(Manille) Le président philippin Rodrigo Duterte a promulgué vendredi une loi antiterroriste soupçonnée par ses opposants de pouvoir être instrumentalisée pour les réduire au silence

Cette loi, approuvée le mois dernier par le parlement et critiquée par les groupes de défense des droits de l’homme, permet au président Duterte de nommer un conseil qui pourrait ordonner des arrestations sans mandat de personnes soupçonnées de terrorisme.

Elle ouvre aussi la voie à plusieurs semaines de détention sans accusation, une procédure jugée nécessaire par le gouvernement pour combattre les rébellions communiste et islamiste.

Cette promulgation « montre le sérieux de notre engagement pour éradiquer le terrorisme, qui accable depuis longtemps notre pays et cause des douleurs inimaginables à une grande partie de notre population », a commenté le porte-parole de M. Duterte, Harry Roque.

Mais ses opposants affirment que la définition du terrorisme dans la loi est vague et pourrait renforcer la campagne de Duterte contre eux. Certains d’entre eux sont déjà en prison ou en cours de jugement après avoir critiqué ses politiques, dont sa guerre contre la drogue qui a déjà tué des milliers de personnes.

« Sous la présidence de Duterte, même les critiques les plus modérés du gouvernement peuvent être qualifiés de terroristes », a estimé le directeur pour l’Asie d’Amnistie internationale Nicholas Bequelin. « Le gouvernement a effectivement mis au point une nouvelle arme pour estampiller et pourchasser toute personne perçue comme un ennemi de l’État ».

« Dans le climat actuel d’impunité, une loi aussi vague dans sa définition du “terrorisme” peut seulement aggraver les attaques contre les défenseurs des droits de l’homme », a-t-il ajouté.

La loi définit le terrorisme comme l’intention de blesser ou tuer, porter atteinte au gouvernement ou à la propriété privée ou utiliser des armes de destruction massive pour « diffuser un message de peur » ou intimider le gouvernement.
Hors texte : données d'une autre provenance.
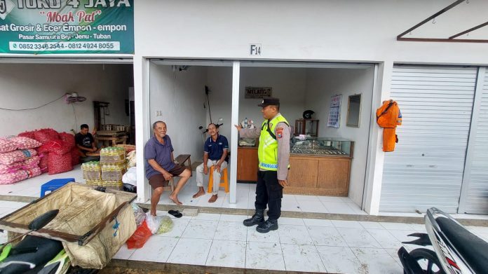 Guna mengantisipasi terjadinya tidak pidana kriminalitas di wilayah Polsek jenu polres Tuban Polda Jatim, anggota Polsek jenu Bripka Okky SW., bersama rekan melaksanakan sambang ke pertokoan kuning di pasar samudera beji Jenu.

Les suspects pourraient être détenus jusqu’à 24 jours sans accusation, ce qui selon les opposants violerait la limite de trois jours fixée par la Constitution.

Avec cette loi, « le président Duterte a précipité la démocratie philippine dans un abysse », selon Phil Robertson, directeur-adjoint pour l’Asie de l’ONG Human Rights Watch. « La loi menace d’aggraver significativement la situation des droits de l’homme aux Philippines, qui s’est dégradée depuis le lancement de guerre contre les drogues il y a quatre ans ».

Selon un rapport publié le mois dernier par l’ONU, au moins 8663 personnes ont été tuées dans cette « guerre », avec une « quasi-impunité » pour les auteurs des crimes.